Он натянул футболку, джинсы, чмокнул жену и, не умываясь, вышел из гостиничного номера. В голове крутилось имя – Таня Элисон…
…Он вернулся в гостиницу, изрядно продрогнув. Стянул дубленку, чмокнул дочку. Маша облегченно вздохнула:
– Я уж заволновалась…
За последнюю фразу я уцепился как утопающий за соломинку.
Вскочил на ноги и заорал:
– Минуточку, какая Маша, какая дочка и какая дубленка? И какой еще Мистер X!!!
Таня Элисон засмеялась и стала медленно задирать юбку:
– Да ладно. Хватит уже про Таню Элисон, и про карнавальный город, и про огромный окровавленный топор, и про отрубленную ногу в красном носке, которую кудрявый мужик в вельветовой майке натирал на стиральной доске…
И она показала мне культю, к которой был плотно пристегнут протез.
Затем отстегнула протез, занесла над головой – и грохнула им по кухонному столу…
Таня Элисон била меня по щекам.
Смачно, с оттяжкой.
Я сидел на стуле, и руки мои были привязаны к нему. Стулу.
– Очнулся?
Я кивнул.
Таня Элисон облегченно вздохнула и посмотрела на меня с нескрываемым любопытством.
– А ты что, правда, не помнишь?
– Чего не помню? – вздрогнул я.
– НИИ, пробирки, весна за окном, молодой ученый, приехавший по своим делам в нашу жуткую контору, молоденькая лаборантка, которая набралась смелости и увязалась за ним. И что ты потом со мною сделал. Погоди-ка, щас из плаща кое-что достану…

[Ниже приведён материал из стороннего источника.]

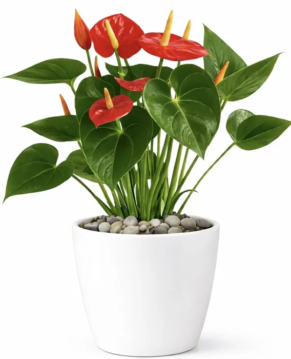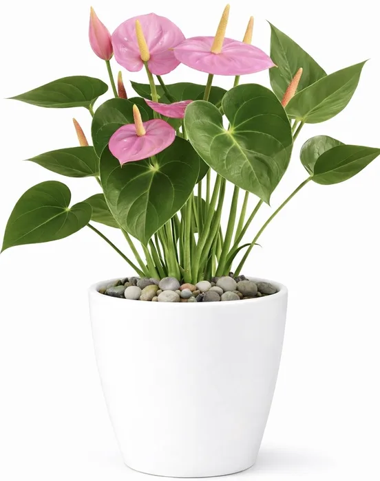 עציץ אנטוריום בכלי קרמיקה.

И она упрыгала на одной ноге в прихожую.
Я решил не смотреть, что она достанет из кармана своего стильного плаща. Вместе со стулом просеменил к кухонному окну и неуклюже вывалился наружу, продавив шаткую раму.
Перевалившись через подоконник наполовину, так, что ходу назад уже не было, я вдруг понял, от чего Таня хотела меня спасти…
Очнулся под капельницей.
Над кроватью склонилось заботливое лицо Анатолия Валентиновича.
– Ничего получилось, – подмигнул он мне. – Я думал, концы отдашь.
– А…
– Таня Элисон абсолютно реальна, как твоя белая горячка. Подумай на досуге. Поймешь, если мозги еще не усохли.
– Что…
– … дальше? Что дальше, Штейн?
– Я не…
– Ты – Штейн. Лет десять с небольшим назад ты пережил нечто. Что именно с тобой случилось в чудной деревеньке на краю мира, об этом никто, кроме тебя, не знает. А ты говоришь разное.
То убегал от мертвого висельника. То искал кого-то в лесу. То размахивал топором. То еще что-нибудь. Никто этому, ясное дело, не верит. И сам ты изверился. И запил. И оскотинился. И вот что я могу сказать по этому поводу. Возвращайся в эту деревню. Возвращайся, пока остались еще хотя бы ее руины. Пока есть сотая доля шанса узнать всю правду или хотя бы часть правды…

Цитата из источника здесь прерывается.